Temporal Slowness in Central Vision Drives Semantic Object Learning
Timothy Schauml\"offel, Arthur Aubret, Gemma Roig, Jochen Triesch

TL;DR
This paper demonstrates that leveraging temporal slowness in central vision enhances the learning of semantic object representations from naturalistic egocentric visual streams, providing insights into human visual learning mechanisms.
Contribution
It introduces a novel approach combining central vision focus and temporal slowness in self-supervised learning to improve semantic object encoding from human-like visual experience.
Findings
Temporal slowness improves object semantic encoding.
Focusing on central vision enhances foreground feature extraction.
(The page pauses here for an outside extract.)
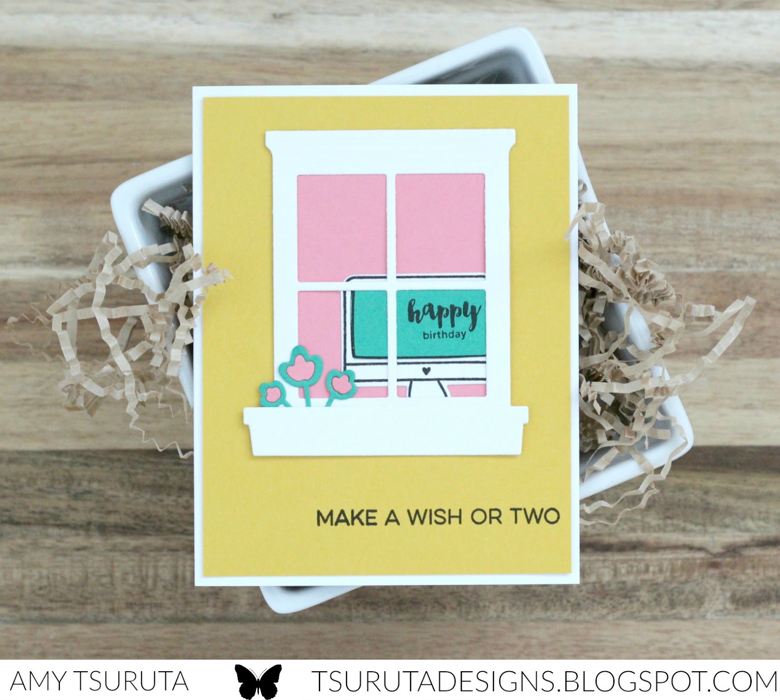 I combined it with Stampin’ Up Crushed Curry and their Hearth & Home Thinlets. The computer monitor and Happy Birthday Sentiment are from Mama Elephant: Blogging Buddies + Mini Messages. The Make a Wish is by MFT, More Essential Sentiments.

Eye movements combined with slowness encode broader semantic information.
Abstract
Humans acquire semantic object representations from egocentric visual streams with minimal supervision, but the underlying mechanisms remain unclear. Importantly, the visual system only processes the center of its field of view with high resolution and it learns similar representations for visual inputs occurring close in time. This emphasizes slowly changing information around gaze locations. This study investigates the role of central vision and slowness learning in the formation of semantic object representations from human-like visual experience. We simulate five months of human-like visual experience using the Ego4D dataset and a state-of-the-art gaze prediction model. We extract image crops around predicted gaze locations to train a time-contrastive Self-Supervised Learning model. Our results show that exploiting temporal slowness when learning from central visual field experience…
Peer Reviews
Decision·ICLR 2026 Poster
1. The paper is well-written and easy to follow. 2. The set of experiments and analyses done to present evidence of the claims is quite meticulous and impressive. I want to particularly appreciate the analysis on CKA similarity between learned representations and Glove-based object co-occurrence embeddings. 3. The performance metrics for some of the tasks like fine-grained and instance-level recognition are quite impressive.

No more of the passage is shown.